## Items listed in a dataset
----------
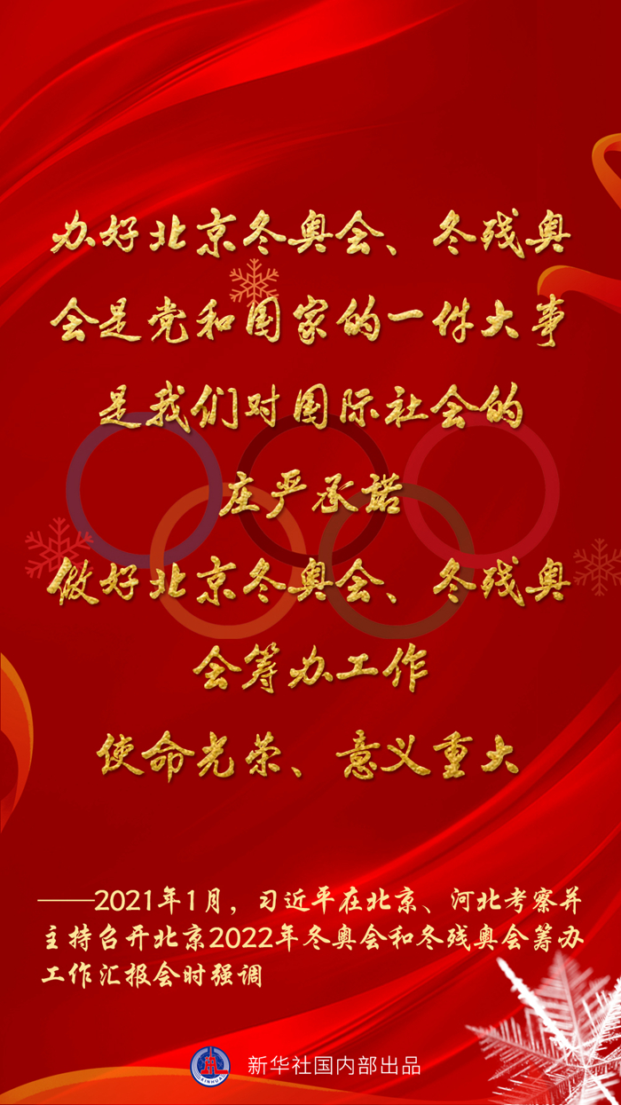 “辦好北京冬奧會、冬殘奧會,是中國對國際社會的莊嚴承諾。”習近平總書記說。
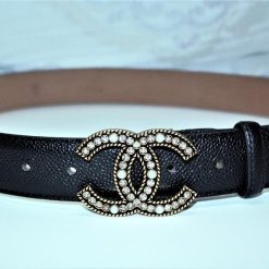 The Chanel Caviar Pattern Belt with Gold Diamond Buckle is a timeless accessory crafted from premium materials, perfect for elevating any outfit.
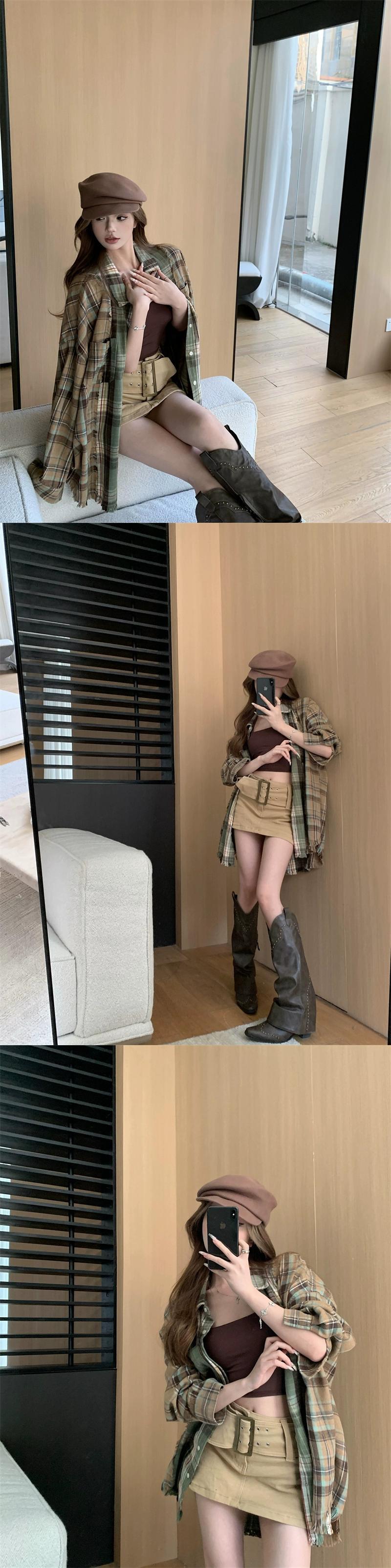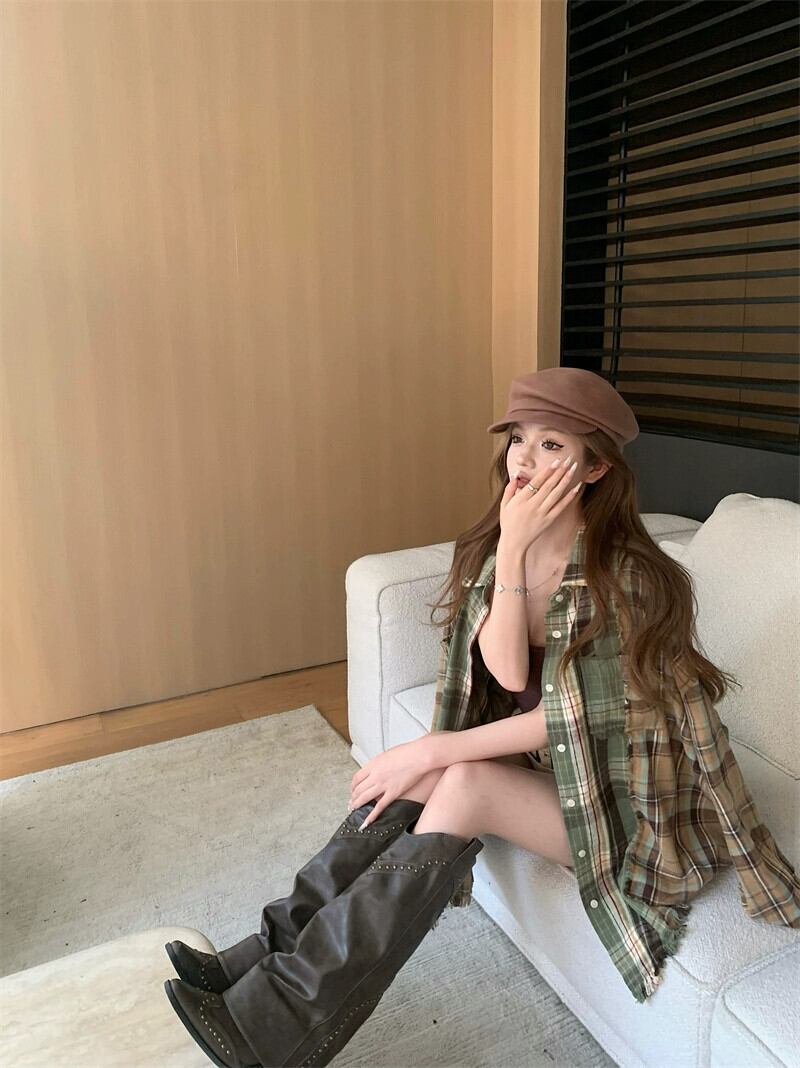 コントラストカラーのスプライシングチェック柄シャツレディース、秋の日焼け止め長袖シャツ、ゆったりとしたミドル丈スタイル、シックなトップスとジャケット ロング オータム 秋物 bstraw87475221884 | beaute25
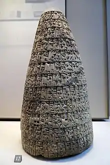 ![]() Fragmento de inscripción sobre cono de arcilla de Urukagina: "Él [Uruinimgina] excavó (...) el canal a la ciudad de NINA. Al principio, construyó el Eninnu (E-ninnu), al final, construyó el Esiraran". Museo del Louvre. | ||
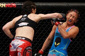The bout immediately lived up to its striker vs. grappler billing. Esparza showcased her relentless wrestling pressure, continuously trying to drag Jedrzejczyk to the mat, while the Polish contender found Esparza's chin with some crisp striking as the round continued.
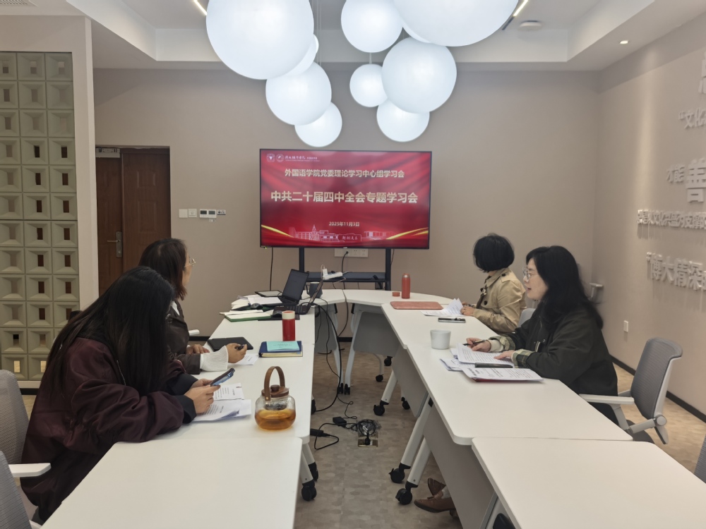 为学习宣传贯彻党的二十届四中全会精神,11月3日,外国语学院党委理论学习中心组举行专题学习会学习党的二十届四中全会精神。
----------
What is needed is a verbatim copy of the entries, leaving out any pictures.

 “辦好北京冬奧會、冬殘奧會,是中國對國際社會的莊嚴承諾。”習近平總書記說。
 The Chanel Caviar Pattern Belt with Gold Diamond Buckle is a timeless accessory crafted from premium materials, perfect for elevating any outfit.
 コントラストカラーのスプライシングチェック柄シャツレディース、秋の日焼け止め長袖シャツ、ゆったりとしたミドル丈スタイル、シックなトップスとジャケット ロング オータム 秋物 bstraw87475221884 | beaute25
 ![]() Fragmento de inscripción sobre cono de arcilla de Urukagina: "Él [Uruinimgina] excavó (...) el canal a la ciudad de NINA. Al principio, construyó el Eninnu (E-ninnu), al final, construyó el Esiraran". Museo del Louvre. | ||
The bout immediately lived up to its striker vs. grappler billing. Esparza showcased her relentless wrestling pressure, continuously trying to drag Jedrzejczyk to the mat, while the Polish contender found Esparza's chin with some crisp striking as the round continued.
 为学习宣传贯彻党的二十届四中全会精神,11月3日,外国语学院党委理论学习中心组举行专题学习会学习党的二十届四中全会精神。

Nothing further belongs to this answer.